On Tuesday’s broadcast of Fox News Channel’s “Special Report,” Washington Post columnist Charles Krauthammer said that the Obama campaign’s “Big Bird” commercial is so bad that it will actually hurt President Barack Obama in November.

“I hope they run it until the end of time,” Krauthammer said. “This could be the worst ad I’ve ever seen.”

The 30-second spot takes aim at Romney for suggesting during last week’s presidential debate that federal funding for PBS, the network that produces “Sesame Street” and the character Big Bird, should be slashed.

“Mitt Romney: Taking on our enemies, no matter where they nest!” jeers the narrator in the ad, which mocks Romney for worrying about Sesame Street instead of Wall Street.

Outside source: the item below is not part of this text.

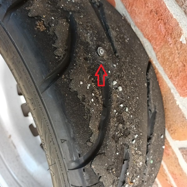 die beschädigte Felge. Den Kotflügel habe ich ausgebeult,
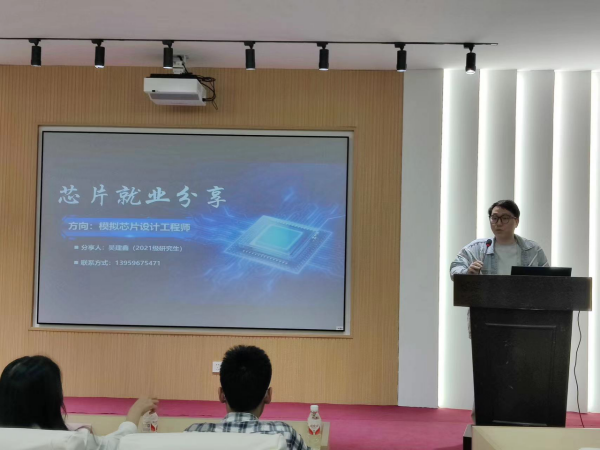 吴建鑫学长则从职业方向确立、意向公司岗位分析、就业准备、未来职业规划四个方向对IC行业就业进行了经验分享。他建议学弟学妹们要根据社会需要、所学专业以及个人兴趣爱好确定自己未来的职业方向,他认为要尽早开始关注自己意向的公司和岗位,分析公司以及自身需求,同时要在每次笔试和面试后总结归纳,从中总结经验、吸取教训、获得长进,才能帮助自己更好的实现高质量就业。

“I want to make an appeal to people in Chicago: Run this ad every night over and over again,” Krauthammer said. “Spend all of your money and time on this. This is an ad that is trivial. It diminishes the presidency. It assumes, of course, that everybody wants to subsidize a company that, as we just heard from Shannon [Bream], is [one] third of a billion-dollar enterprise.”

The ad is particularly hypocritical given the president’s own track record on reducing spending, according to Krauthammer.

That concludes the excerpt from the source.